Донъ-Кихотъ между тѣмъ велѣлъ Санчо разсказывать обѣщанную сказку.
— Разсказалъ бы я вамъ ее, еслибъ страхъ не одолѣвалъ меня, отвѣчалъ Санчо; ну, да куда ни шло, попытаюсь я разсказать вамъ такую сказку, что если только поможетъ мнѣ Богъ вспомнить ее всю, какъ она есть, то это будетъ самая прекраснѣйшая изъ всѣхъ сказокъ. Слушайте же, ваша милость, да внимательнѣе слушайте; вотъ она:
— Случилось какъ то, ваша милость, такъ началъ Санчо, то, что случилось… и да пребудетъ благодать надъ всѣмъ и со всѣми, а зло съ тѣми, кто ищетъ его; такъ то старые люди начинали свои вечернія сказки, и не спроста это такъ начинали они, потому что вотъ эта приговорка: «а зло съ тѣми, кто ищетъ его», придумана не ими, а самимъ римскимъ Катононъ; и такъ она кстати приходится теперь, словно перстень къ пальцу; такъ кажется и говоритъ вашей милости, чтобы вы оставались спокойны, да и я бы тоже не кидался на всякую бѣду, какъ угорѣлый, а чтобы свернули мы поскорѣй съ этой дороги, потому что никто не заставляетъ насъ, въ самомъ дѣлѣ, ѣздить тамъ, гдѣ намъ грозятъ всякіе ужасы.
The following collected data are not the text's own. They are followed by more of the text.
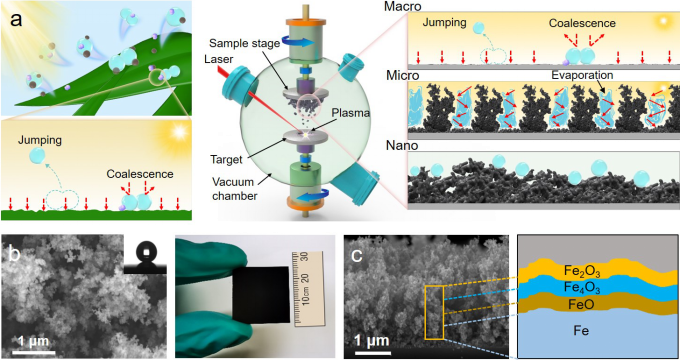 受小麦叶片上水滴弹跳和光热转化策略的启发,研究团队使用超快脉冲激光沉积(PLD)技术,制造出具有微纳米多层结构表面(CR-SAS)。在冷凝水高效自清除和高效太阳能吸收的协同作用下,CR-SAS表现出优异的抗反射和光热转换性能。这得益于微/纳米多层结构中的光俘获效应和氧化铁纳米粒子的热等离子体效应。同时,CR-SAS对冷凝水展现出超疏水性,其超疏水性能优于荷叶表面,不仅对宏观毫米级水滴超疏水,而且对冷凝微尺度水滴也超疏水。在表面能的作用下,冷凝水在冻结之前从表面合并弹跳,从而暴露出更多的裸露面积发生光热作用。在太阳光照射下,即使在-50°C的超低温和极高湿度(冰过饱和度约为260)的环境下,CR-SAS表面温度也大于0°C。更重要的是,CR-SAS可以在不同材料上沉积,且具有优异的可靠性,为在实际防冰应用提供了巨大潜力。
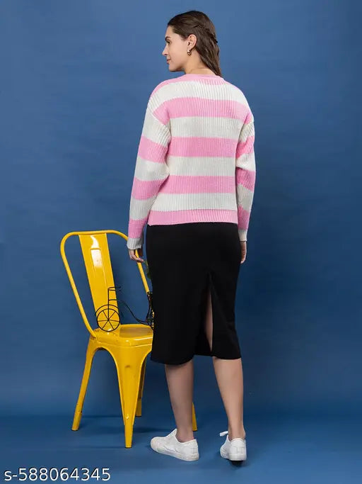Wear Lusso Women Sweater, Womens Striped Sweater, Round Neck Winter Wear, Stylish Pullover for Women, Ladies Woolen Sweater, Womens Winter Outfit, Casual Winter Wear, Warm Striped Pullover, Elegant Winter Sweater, Wear Lusso Womens Fashion
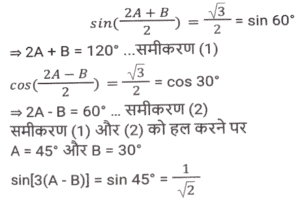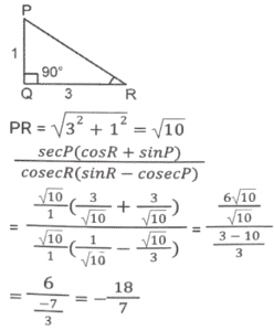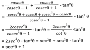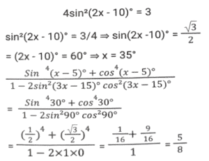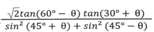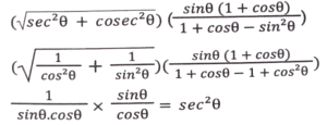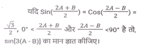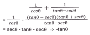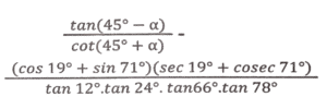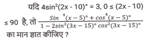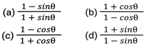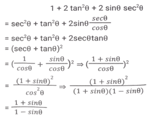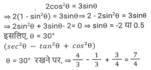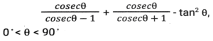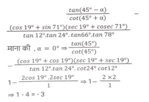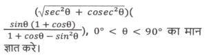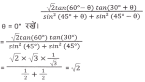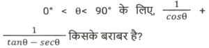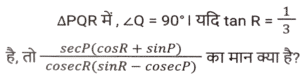 त्रिकोणमिति (भाग-XI)Total Questions: 5711. हल करें [SSC CGL 13/08/2021 (Morning)](a) 2 sec²θ(b) sec²θ + 1(c) sec²θ(d) 1 - tan²θCorrect Answer: (b) sec²θ + 1Solution:12. यदि 2cos²θ = 3sinθ , 0º < θ < 90º, तो (sec²θ - tan²θ + cos²θ) का मान क्या है ? [SSC CGL 13/08/2021 (Afternoon)](a) 7/4(b) 5/4(c) 9/4(d) 3/4Correct Answer: (a) 7/4Solution:13. इसका मान क्या है ? [SSC CGL 13/08/2021 (Evening)](a) -3(b) 0(c) -2(d) 2Correct Answer: (a) -3Solution:14. 1 + 2 tan²θ + 2 sinθ sec²θ, 0º < θ < 90º, के बराबर है ? [SSC CGL 16/08/2021 (Morning)](a)(b)(c)(d)Correct Answer: (d)Solution:15. मान ज्ञात कीजिए। [SSC CGL 16/08/2021 (Evening)](a) 1(b) 1/√2(c) 1/2(d) √3/2Correct Answer: (b) 1/√2Solution:16. मान ज्ञात करे। [SSC CGL 17/08/2021 (Morning)](a) cotθ(b) cosec²θ(c) sec²θ(d) tanθCorrect Answer: (c) sec²θSolution:17. हल करें [SSC CGL 17/08/2021 (Afternoon)](a) -secθ(b) tanθ(c) secθ(d) -tanθCorrect Answer: (d) -tanθSolution:18. मान ज्ञात कीजिए। [SSC CGL 17/08/2021 (Evening)](a) 1(b) 5/8(c) -5/8(d) -1Correct Answer: (b) 5/8Solution:19. मान ज्ञात कीजिए। [SSC CGL 17/08/2021 (Evening)](a) 1/√2(b) 1(c) 2(d) √2Correct Answer: (d) √2Solution:20. इसका मान क्या है ? [SSC CGL 18/08/2021 (Afternoon)](a) -(2/7)(b) 18/7(c) 2/7(d) -(18/7)Correct Answer: (d) -(18/7)Solution:Submit Quiz« Previous123456Next »
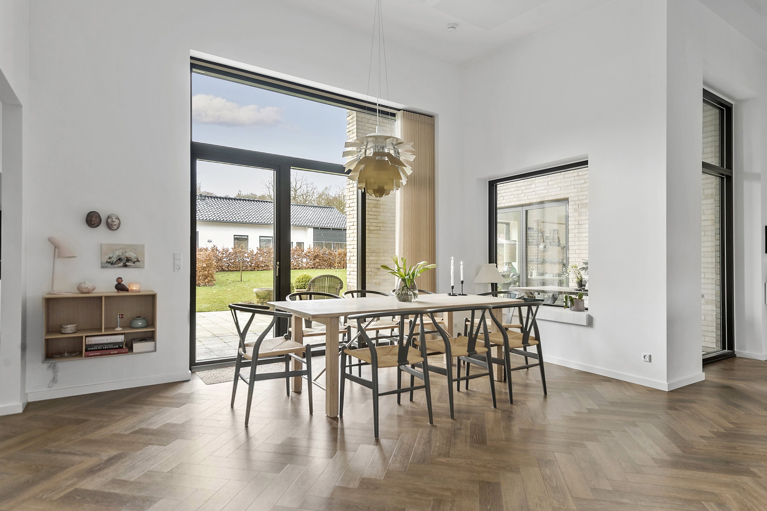 Villaen står skarpt både udvendigt og indvendigt, hvor der er tænkt meget på at skabe ro og hygge i de store, åbne rum. Flere steder er der slidstærke sildebensgulve, og både køkkenet og de to badeværelser har Vola-armaturer. Det højloftede køkkenalrum med inventar fra HTH er også værd at hæfte sig ved, for det er udstyret med viktualierum, vinkøleskab og en flot køkken-ø i mørk eg med håndvask i messing og bordplade i grønt marmor.
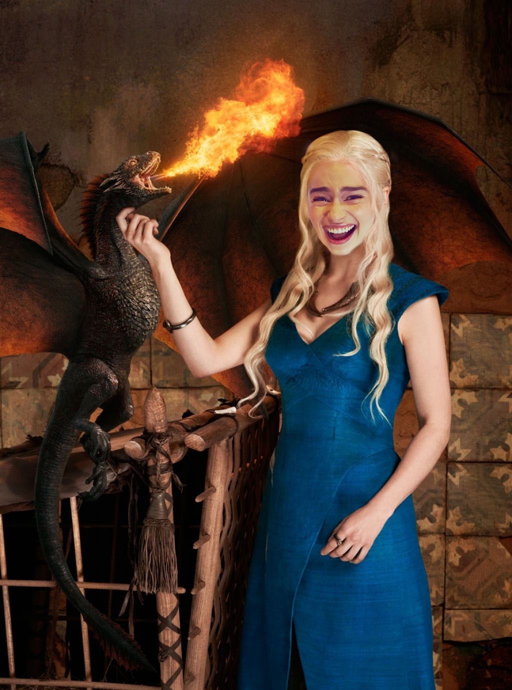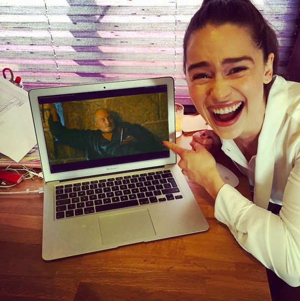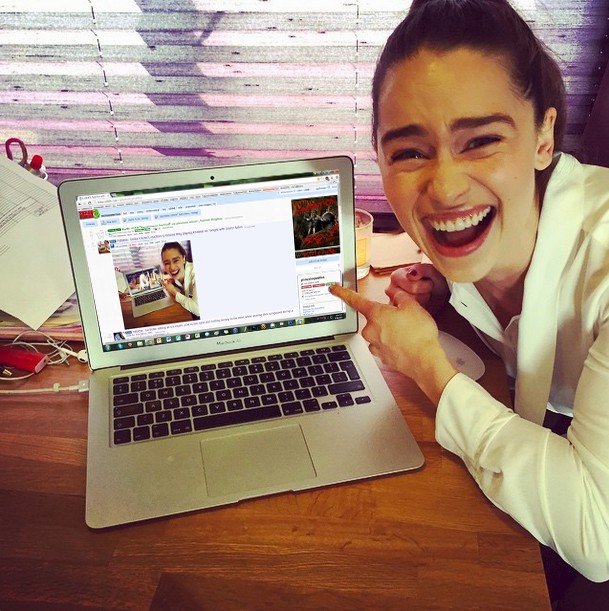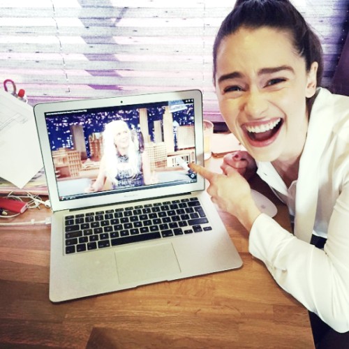 Emilia Clarke, quien da vida a Daenerys Targaryen en Juego de Tronos, publicó una imagen en su cuenta de Instagram riéndose de la imitación de Kristen Wiig en el programa Tonight Show with Jimmy Fallon. Dicha fotografía se ha convertido en el centro de los memes de las redes sociales poniéndola en diversas situaciones.

— Продолжай Санчо, свою сказку, перебилъ его Донъ-Кихотъ, а о дорогѣ предоставь заботиться мнѣ.
— И такъ, государь мой, продолжалъ Санчо, жилъ былъ, въ Эстрамадурѣ, козій пастухъ, то есть, такой человѣкъ, который пасъ козъ, и который, то есть пастухъ, какъ говорится въ сказкѣ, звался Лопе Руизъ; и вотъ этотъ то пастухъ, Лопе Руизъ, возьми, да и влюбись въ пастушку Таральву, а эта пастушка Таральва была дочь богатѣйшаго владѣльца стадъ, и этотъ то богатѣйшій владѣлецъ стадъ….
— Санчо! если ты разсказываешь твои сказки, повторяя всякое слово два раза, то, право, мы не кончимъ до завтра. Говори съ толкомъ, или замолчи, замѣтилъ Донъ-Кихотъ.
— Что же мнѣ дѣлать, ваша милость, отвѣчалъ Санчо, когда на нашей сторонѣ всѣ вечернія сказки такъ сказываются; меня не научили разсказывать иначе, и со стороны вашей милости было бы несправедливо требовать отъ меня новыхъ порядковъ.
— Говори, какъ знаешь, воскликнулъ Донъ-Кихотъ; ужь если я вынужденъ слушать твои сказки, то, право, мнѣ все равно, какъ ты будешь разсказывать ихъ.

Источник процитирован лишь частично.